GIVEN INFORMATION:
★ ★ ★ ★

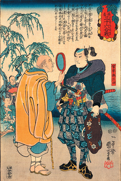 Мужчина, разглядывающий через лупу знаменитого фехтовальщика Миямото Мусаси. Утагава Куниёси. XIX в.
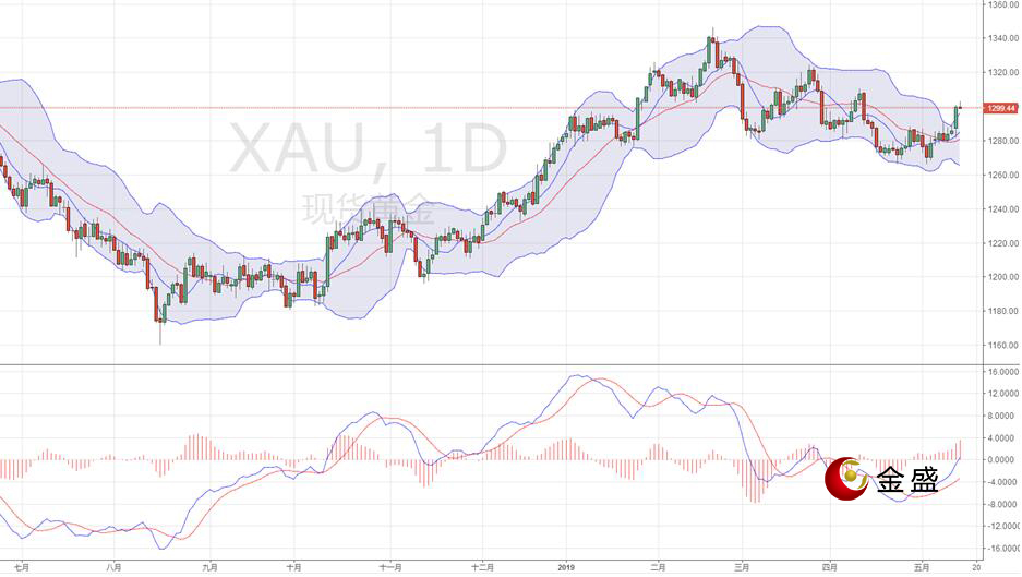 隔夜受避险情绪大幅升温的影响,金价大幅走高,收复1300关口刷新一个月新高。同时,美元和避险货币表现超群,因中国宣布将于6月1日对美国商品实施加征关税,美中贸易紧张局势升级,打击了风险偏好,市场寻求避险。
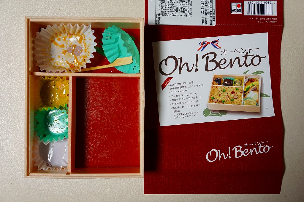 2014(平成26)年12月から翌月頃まで、東京駅で販売か。掛紙に記されたお品書きのとおり、四角い容器に鶏とソーセージのパエリアを詰め、あさり胡麻バター炒め、地中海風野菜煮、ミートオムレツ、アイガモローススモーク、銀鮭のマスタードマヨネーズ、牛ホホ肉のフランドル風、福神漬、メープルシロップケーキを添える。

★ ★ ★ ★

TASK DETAILS: Could you copy each line above exactly as written, minus any pictures?

RESULT:
 Мужчина, разглядывающий через лупу знаменитого фехтовальщика Миямото Мусаси. Утагава Куниёси. XIX в.
 隔夜受避险情绪大幅升温的影响,金价大幅走高,收复1300关口刷新一个月新高。同时,美元和避险货币表现超群,因中国宣布将于6月1日对美国商品实施加征关税,美中贸易紧张局势升级,打击了风险偏好,市场寻求避险。
 2014(平成26)年12月から翌月頃まで、東京駅で販売か。掛紙に記されたお品書きのとおり、四角い容器に鶏とソーセージのパエリアを詰め、あさり胡麻バター炒め、地中海風野菜煮、ミートオムレツ、アイガモローススモーク、銀鮭のマスタードマヨネーズ、牛ホホ肉のフランドル風、福神漬、メープルシロップケーキを添える。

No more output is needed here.